I am scratching my head and wondering why I couldn't relate. Was it because I am not a father and from the lower social-economic class with no advantages and no natural talents? Perhaps. But what I do know is that most of us know that Ivy League graduates are at the top of this country's economic and political power systems. Where does a reader who was born into a 19th-century Italian immigrant and ineffective father who died when I was 13, and had a bipolar bullying older abusive brother, with a guilt-ridden Catholic mother with an 8th-grade education fit in? When the stories were not about work or academic success or never even graduating from high school, these authors bragged about how much money they made as a drug dealer or how many women they conquered. Yes, these are legitimate stories, and interesting but I didn’t relate, and they could have been written by women too. Last I heard, drug dealing, and sexual conquests do NOT make a man.
The story of the copper mines of Montana was interesting. It reflected the massive and historical change from a manufacturing to a service economy, leaving bleated small towns behind. The author talked about yet another attorney-father who told stories about the copper mines. However, the attorney never worked in the copper mines or the factory, nor was there any connection with being a man. Yeah, the author had an excellent relationship with his father as he collected data for the story. But the data he collected was more about the economy or the vanishing of small towns' economic vibrancy in American culture of the mid-20th century. It was a financial story of a small American town that could come from a man or woman.
Published in 2010, I believe most of these stories are not unique to men. However, they are legitimate human stories, especially the two men that turned their lives around and now are helping convicted felons stay out of jail.
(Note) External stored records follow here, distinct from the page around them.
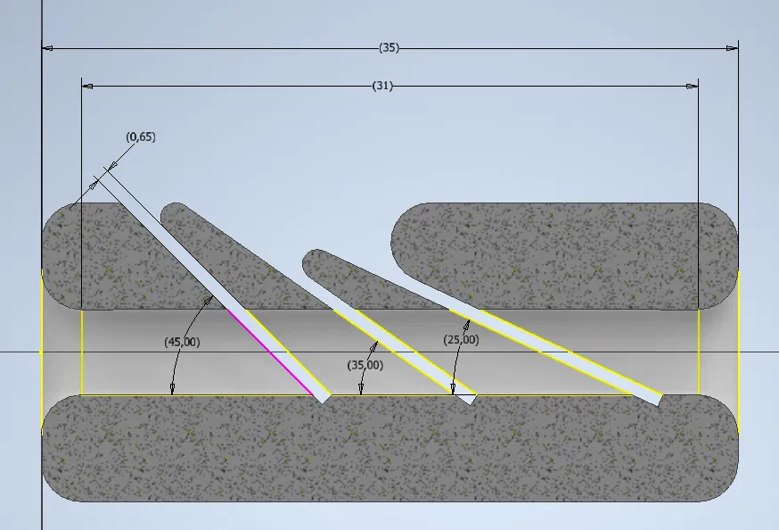 Cái này là một cái jig cắt sợi nhựa đơn giản thôi. Anh em cần nhét một đoạn ống PTFE dài 30mm, đường kính ngoài 4mm vô trước khi xài nha. Nó có 3 góc: 45, 35, 25 độ. Mình thiết kế nó dựa trên lưỡi dao rọc giấy 0.5mm đó.
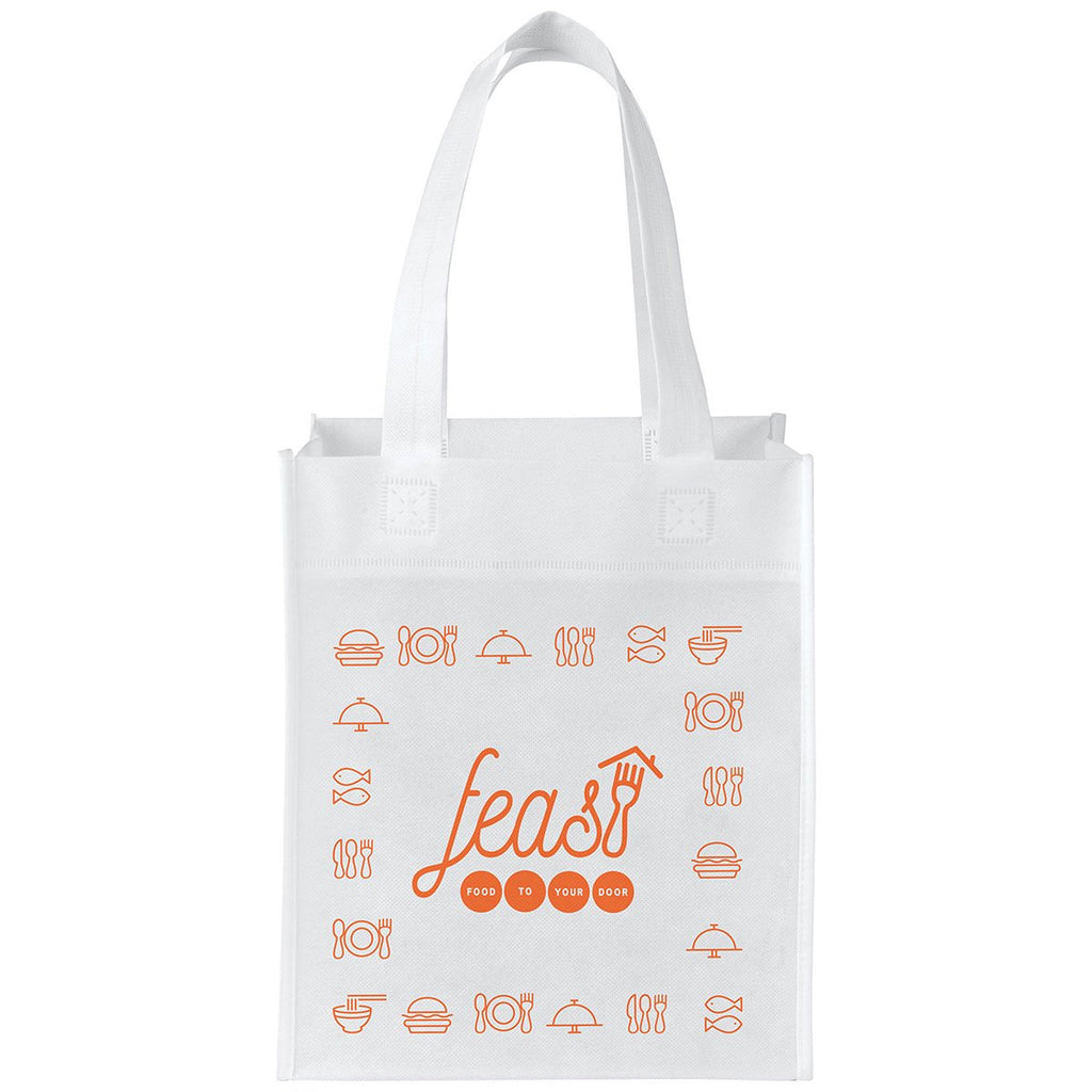 The Bullet White Basic Grocery Tote would be a great giveaway item, and with your corporate logo it can be a multipurpose promotional tool. You could hand these out as employee gifts, and your workers would be taking your company name to the market over and over in this re-usable logoed bag. The minimum order for this product is 500 pieces.Highlights
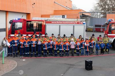 Als Dank für die stimmungsvolle Darbietung spendierten der Globus Baumarkt und der Nikolaus kleine Präsente, Glühwein und Bratwurst. Zudem durfte sich die Kinder- und Jugendfeuerwehr über den Wetteinsatz freuen: als Spende in Höhe von 350 Euro.

But women are also producers, screenwriters, attorneys, venture capitalists, combat soldiers, correspondents on dangerous assignments, convicted felons, and CEOs. And they had children who were drug addicts and died tragically too. President Biden was the one perfect example of a father-son love relationship who died of cancer. He was grieving so deeply that he could not run for president in the 2016 campaign. That's a man as he showed how vulnerable he was to the world who decided to grieve for his son, instead of running for president!
I do not recommend this book. I am not alone; almost half of the readers who wrote a review scored it a 3 star or less!
The Good Men Project website is much more diverse in thinking and captures the problems and challenges ordinary men like me face. But all is not lost. My money to buy this book went to a good cause the Good Men Project supports.
Read Iron John by Robert Bly is THE book written for men and Bly tells us men exactly why. It is still eerily current with today's men's problems that have gotten worse since Bly's days a generation ago.